• [THE TASK] Leave out every picture, and restate word for word only the lines from the one containing "关于印发《岳阳市特种垃圾管理办法》的通知" through the end of the material.

====== INFORMATION PROVIDED

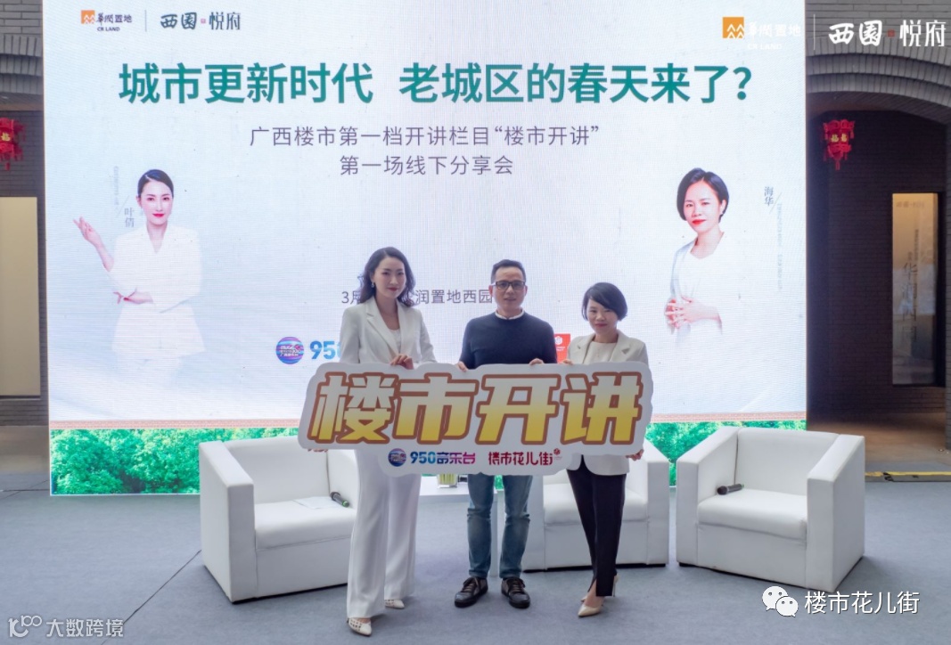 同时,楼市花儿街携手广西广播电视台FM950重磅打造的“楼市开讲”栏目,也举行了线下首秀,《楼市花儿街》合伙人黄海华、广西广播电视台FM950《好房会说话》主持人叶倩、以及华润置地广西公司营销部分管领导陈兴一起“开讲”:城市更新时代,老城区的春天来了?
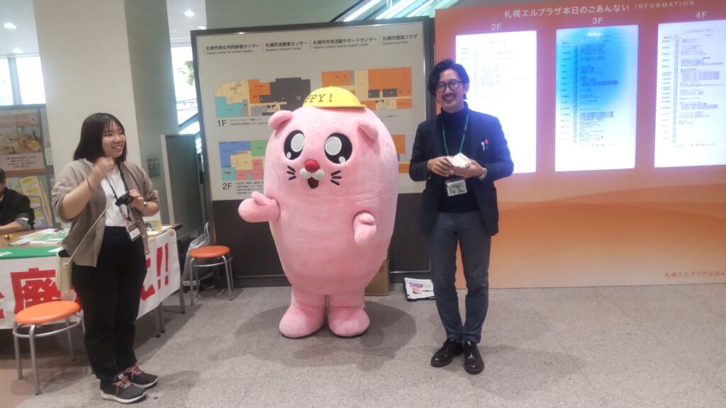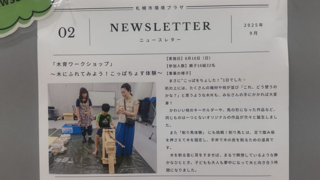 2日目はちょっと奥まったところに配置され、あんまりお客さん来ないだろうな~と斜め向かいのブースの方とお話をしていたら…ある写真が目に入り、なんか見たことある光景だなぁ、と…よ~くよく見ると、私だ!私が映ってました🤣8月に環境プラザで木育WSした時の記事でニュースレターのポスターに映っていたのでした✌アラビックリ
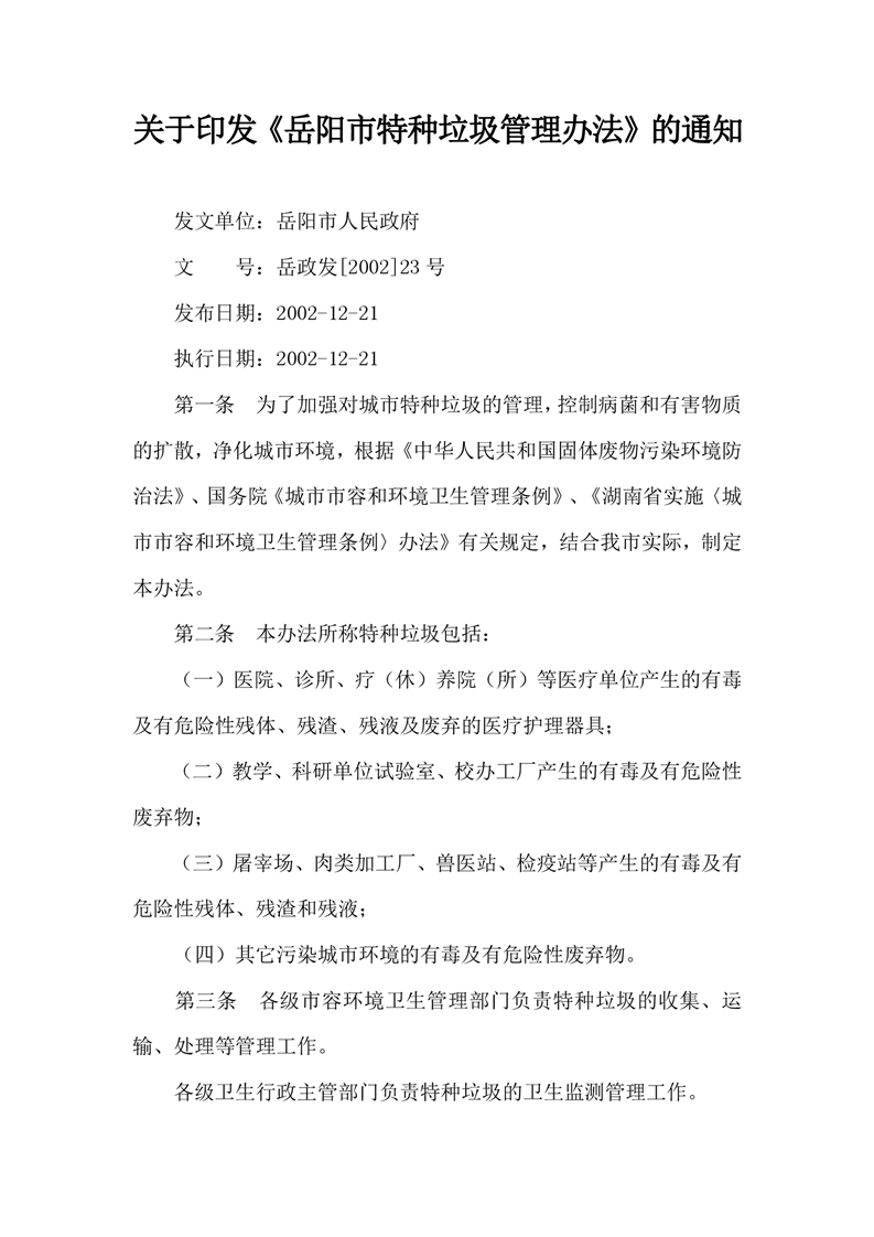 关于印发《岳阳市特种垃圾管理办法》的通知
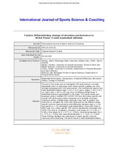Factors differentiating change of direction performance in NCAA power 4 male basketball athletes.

============

• [RESPONSE TO THE EXERCISE]
 关于印发《岳阳市特种垃圾管理办法》的通知
Factors differentiating change of direction performance in NCAA power 4 male basketball athletes.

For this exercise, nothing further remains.